Conservative leverage and liquidity
Low leverage and a meaningful cash/liquidity buffer give the company financial flexibility to invest in R&D, support larger customer programs, and absorb cyclical downturns without immediate refinancing pressure, supporting longer-term operational stability.
Stable gross margin profile
A persistent ~41% gross margin implies structural pricing power or product mix resilience in test and measurement equipment. When volumes rebound, this margin base can leverage fixed costs and materially improve operating profitability over multiple quarters.
Negative Factors
Revenue decline and persistent profitability shortfall
Falling revenue alongside negative operating and net margins limits free cash generation and long-term shareholder returns. Without sustained revenue growth or margin expansion, the company may struggle to turn positive earnings and deliver consistent returns to investors.

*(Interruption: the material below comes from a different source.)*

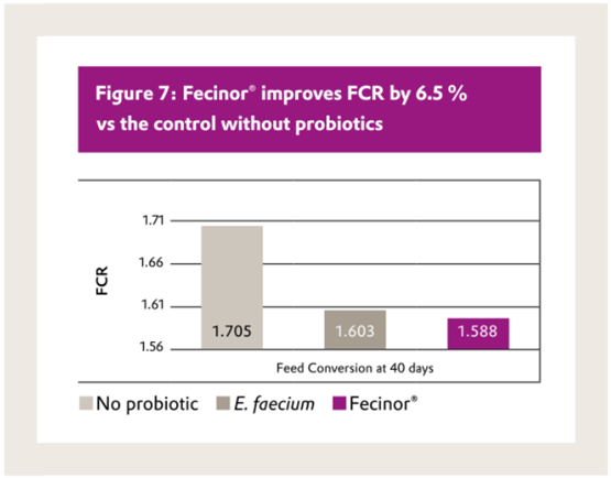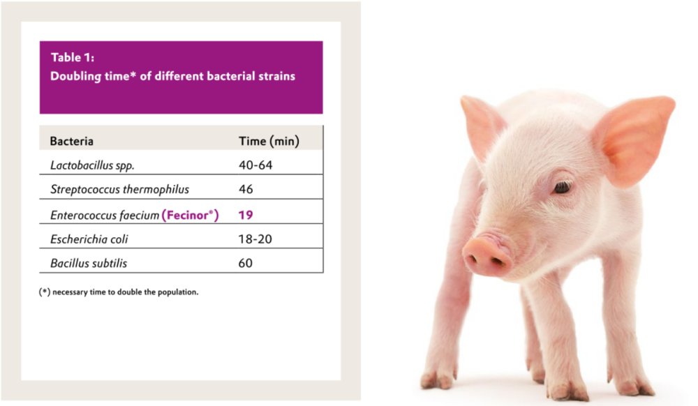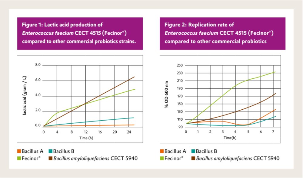 Enterococcus faecium CECT 4515 (Fecinor®) has a higher growth rate when compared to other probiotics and produces high amounts of lactic acid, being able to reduce the levels of pathogenic bacteria in the gut and maintain a balanced microbial population. Because of its extra layer of polysaccha[1]rides in its structure, Fecinor® activity starts already in the duodenum.

Weak operating cash conversion and FCF pressure
Declining FCF growth and low operating-cash-to-income conversion signal potential liquidity strain and less internal funding for capex or strategic initiatives. Prolonged cash conversion weakness can force reliance on external financing or slow investment in product development.
Operational execution risk from technical delays
Execution issues that delay shipments highlight risks scaling new capabilities (life sciences, semiconductor). Repeated technical setbacks can erode customer trust, delay revenue recognition, and reduce the effective conversion of strong orders/backlog into sustained top-line growth.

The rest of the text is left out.